[Work order]:
Could you repeat the entries below exactly, but only from the line with "еще не началась." through the line with "Dalam semangat berbagi", and without any picture?

[Data listing]:
-----
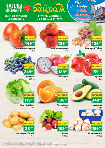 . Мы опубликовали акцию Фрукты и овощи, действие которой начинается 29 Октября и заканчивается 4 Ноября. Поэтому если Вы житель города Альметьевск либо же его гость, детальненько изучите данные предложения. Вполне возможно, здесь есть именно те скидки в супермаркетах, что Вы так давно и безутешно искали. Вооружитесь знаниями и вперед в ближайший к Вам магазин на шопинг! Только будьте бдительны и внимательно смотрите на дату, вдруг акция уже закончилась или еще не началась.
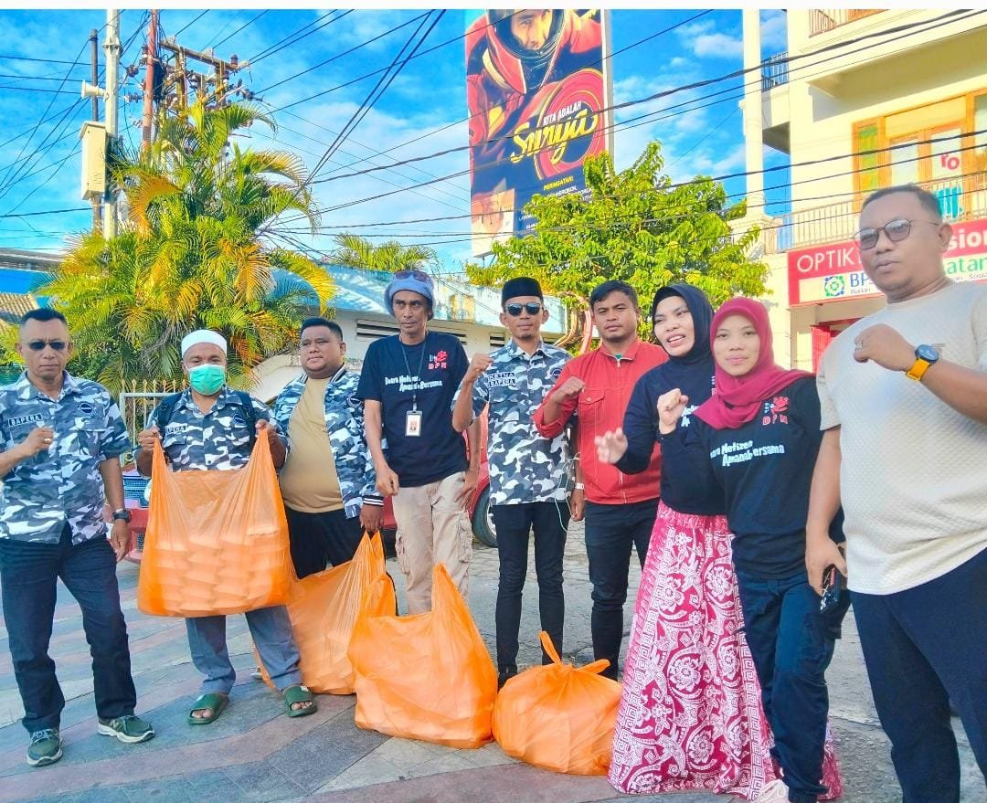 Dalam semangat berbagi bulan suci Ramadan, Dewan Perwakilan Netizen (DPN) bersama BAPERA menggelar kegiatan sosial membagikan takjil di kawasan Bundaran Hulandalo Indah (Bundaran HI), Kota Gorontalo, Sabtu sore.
-----
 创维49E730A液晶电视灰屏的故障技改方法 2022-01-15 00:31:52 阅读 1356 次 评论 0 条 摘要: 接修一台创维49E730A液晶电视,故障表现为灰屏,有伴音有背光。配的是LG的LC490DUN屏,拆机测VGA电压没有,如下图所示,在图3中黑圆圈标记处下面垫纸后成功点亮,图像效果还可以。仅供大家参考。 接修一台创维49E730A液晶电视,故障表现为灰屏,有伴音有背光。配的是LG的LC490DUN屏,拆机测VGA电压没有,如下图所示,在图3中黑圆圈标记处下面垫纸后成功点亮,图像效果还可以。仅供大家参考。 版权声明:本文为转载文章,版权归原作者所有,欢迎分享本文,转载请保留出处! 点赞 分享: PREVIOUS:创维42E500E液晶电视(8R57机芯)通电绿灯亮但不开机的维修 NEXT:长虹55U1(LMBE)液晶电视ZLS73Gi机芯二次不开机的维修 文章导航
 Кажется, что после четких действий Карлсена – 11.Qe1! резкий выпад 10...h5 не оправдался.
-----
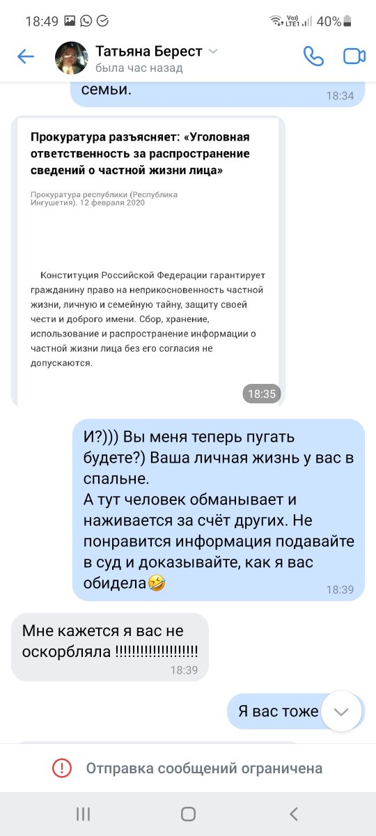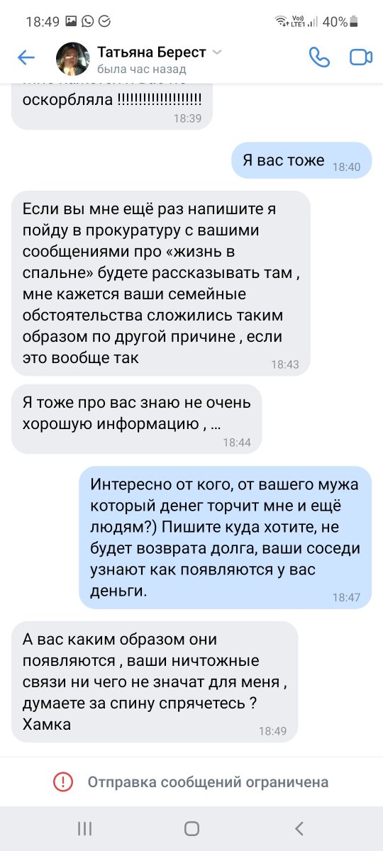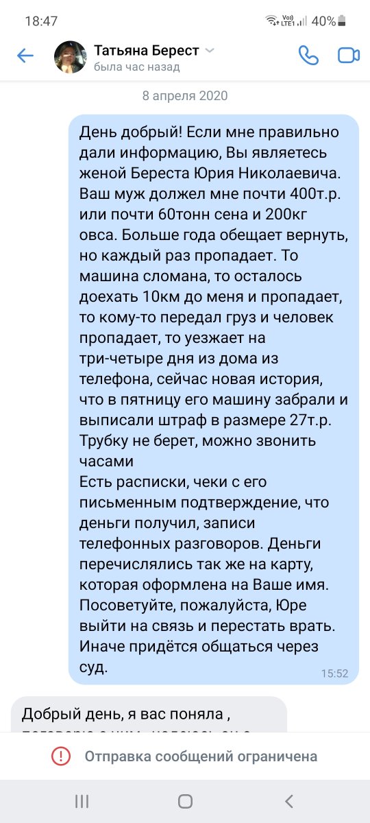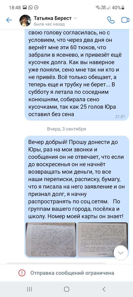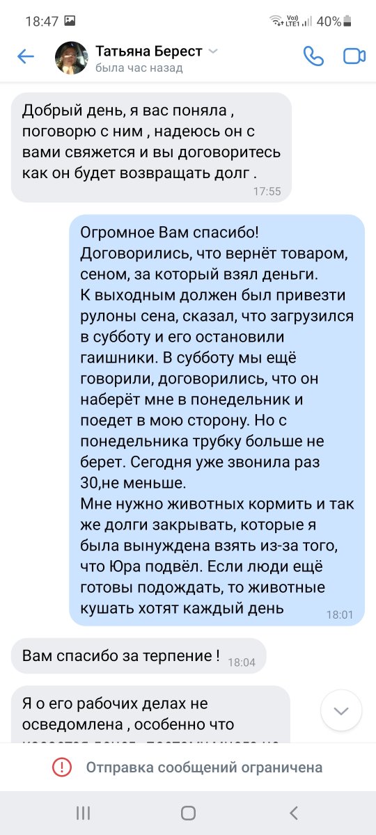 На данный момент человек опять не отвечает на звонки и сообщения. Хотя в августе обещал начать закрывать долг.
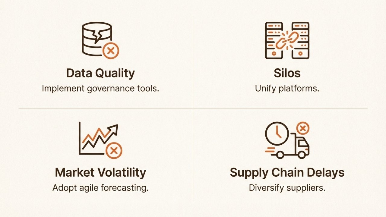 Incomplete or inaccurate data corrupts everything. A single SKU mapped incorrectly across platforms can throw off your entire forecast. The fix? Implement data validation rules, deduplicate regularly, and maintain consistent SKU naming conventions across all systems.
-----
[Response box]:
 . Мы опубликовали акцию Фрукты и овощи, действие которой начинается 29 Октября и заканчивается 4 Ноября. Поэтому если Вы житель города Альметьевск либо же его гость, детальненько изучите данные предложения. Вполне возможно, здесь есть именно те скидки в супермаркетах, что Вы так давно и безутешно искали. Вооружитесь знаниями и вперед в ближайший к Вам магазин на шопинг! Только будьте бдительны и внимательно смотрите на дату, вдруг акция уже закончилась или еще не началась.
 Dalam semangat berbagi bulan suci Ramadan, Dewan Perwakilan Netizen (DPN) bersama BAPERA menggelar kegiatan sosial membagikan takjil di kawasan Bundaran Hulandalo Indah (Bundaran HI), Kota Gorontalo, Sabtu sore.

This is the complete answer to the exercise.